A Five-Step Plan
Fortunately, improving an organization’s management of risk exposures across the business, and strengthening its responses to threats and real attacks, does not have to be overwhelming. Indeed, preparation of a strong risk management program can be broken down into five steps:
Step 1: Design a business continuity plan. A company can begin by conducting a thorough business impact analysis to identify which organizational processes, products, locations, lines of business, and departments should be highlighted in the continuity plan. Ideal recovery times for incidents should also be documented. This analysis should generate a comprehensive list of resource needs in the face of a serious disruption — including personnel, computer hardware, networks, applications, communications technology, specialized equipment, office space at alternative sites, equipment, and supplies. It is also important that there be a schedule for reviewing, and, if necessary, updating the business continuity plan on a regular basis.
|“A business continuity plan must have strong support from the chief executive; there must be a clear commitment to never let disruptions seriously hurt a company’s performance.”|
Step 3: Develop a business continuity management infrastructure. This infrastructure serves as a command center and coordinates reporting, response, transportation, external communications, e-mail, facilities, legal actions, loss control, and resources during and after a crisis or disaster. Essentially, it’s the internal organization that administers the business continuity plan. It is critical to success to have a list of assignments that shows who is responsible — from CEO to legal counsel to facilities staff — for which resources and response activities during an incident. What is equally important, but often overlooked, is that there should be guidelines for quick, accurate, and appropriate notification of third parties, such as media, shareholders, police, regulators, and public utilities. Just by creating this infrastructure, and linking it to the business continuity plan, top management can become more aware of their organization’s vulnerability. For example, they can see how frequently their companies actually suffer potentially serious disruptions, a measure that is difficult to obtain without an infrastructure. (After implementing an incident management infrastructure, one insurance giant recently found that in a six-month period it faced 29 major interruptions and more than 300 minor outages.)
Step 4: Train employees in crisis management. There should be a formal, written plan that educates employees responsible for continuity planning and crisis or incident management. A series of mandatory classes with a curriculum that mirrors the company’s business continuity plan is the best way to ensure that employees are taught practical knowledge that will fit with the internal procedures to deal with disruption. In addition, the company’s business continuity specialists — for instance, those who led the creation of the business continuity plan in the first place — should remain in touch with industry crisis management best practices by being active in such groups as the Contingency Planning Exchange (www.cpeworld.org). This organization offers educational materials, provides member forums, and helps set broad standards for business continuity issues.

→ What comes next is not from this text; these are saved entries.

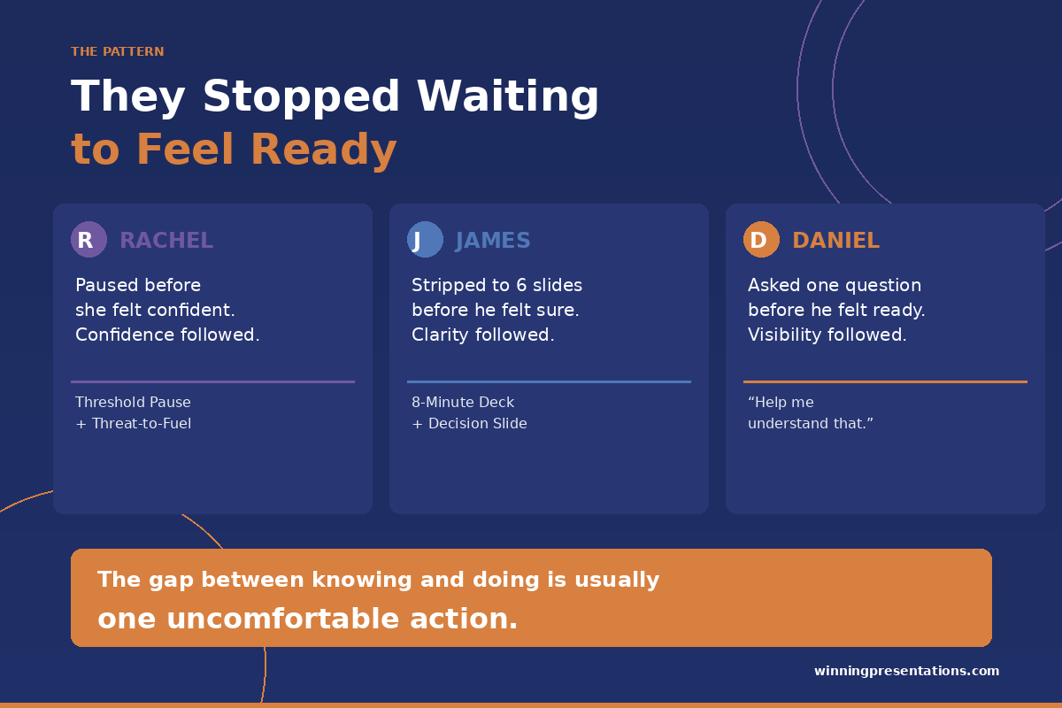 Fill in the “After” column honestly. Even small shifts count. Especially small shifts. Rachel’s pause was two seconds. Daniel’s question was four words. James cut 28 slides. None of it was dramatic. All of it was decisive.
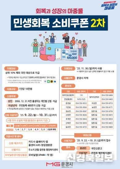 [ 신경북일보 ] 문경시는 오는 22일부터 지역 내 소비 진작과 지역경제 활성화를 위해 2차 민생회복 소비쿠폰을 접수·지급한다.
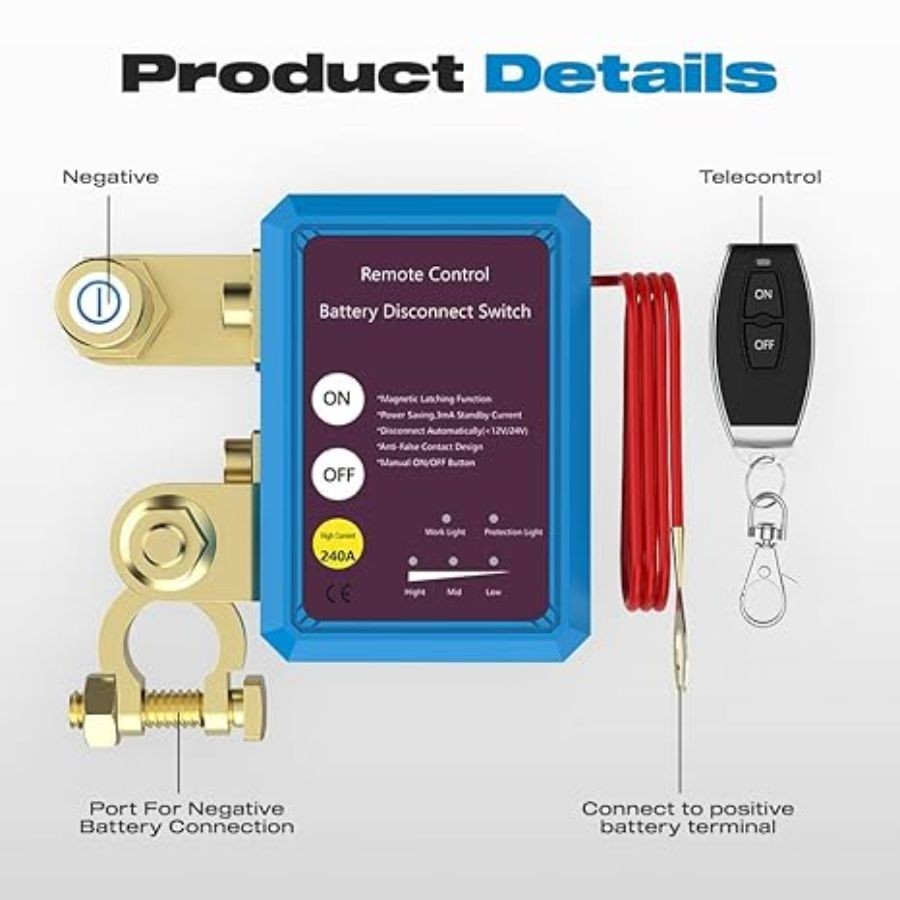 12V 240A Remote Battery Disconnect Switch Anti Theft Automatic Cut/Shut Off Swit
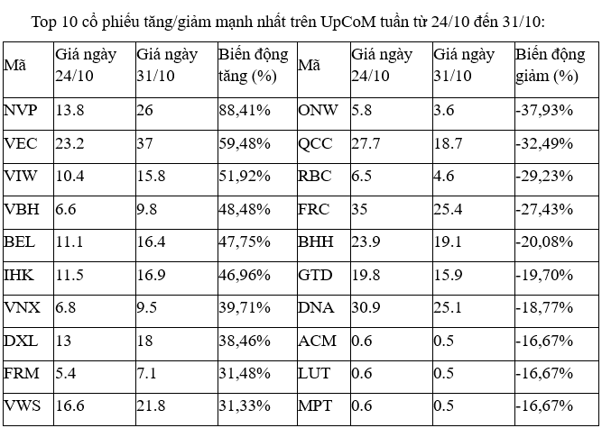 Trên UpCoM, cổ phiếu VEC có tuần thứ hai liên tiếp lọt top tăng cao nhất. Tổng cộng mã này liên tiếp tăng kịch trần từ phiên 23/10 đến 30/10, trước khi điều chỉnh giảm 8% trong phiên thứ Sáu. Tuần trước, cổ phiếu VEC tăng gần 28%.

Step 5: Establish metrics. High benchmarks for corporate business disruption preparedness and recovery must be set to ensure that the continuity plan and the incident management infrastructure are effectively guarding the organization from natural disasters as well as cyber or physical attacks. For instance, all new technology initiatives need to be analyzed to show how system downtime would affect the business; this will help to determine how much redundancy (in the form of backup systems) is needed, and where. Benchmarking should be done to set goals for how well the company must perform during an actual incident — whether it is a virus, bad weather, an earthquake, a terrorist attack, etc. Among the possible guidelines: Recovery time should vary no more than 10 percent from the targets laid out in the continuity program; event assessment, reporting, and action plans must be prepared within 48 hours of an incident; and the company’s incident response and alert center should be activated within two hours of awareness of a threat. Other metrics might be used to evaluate whether employees have a basic understanding of crisis management policies and procedures, and whether they have done a sufficient number of disaster drills.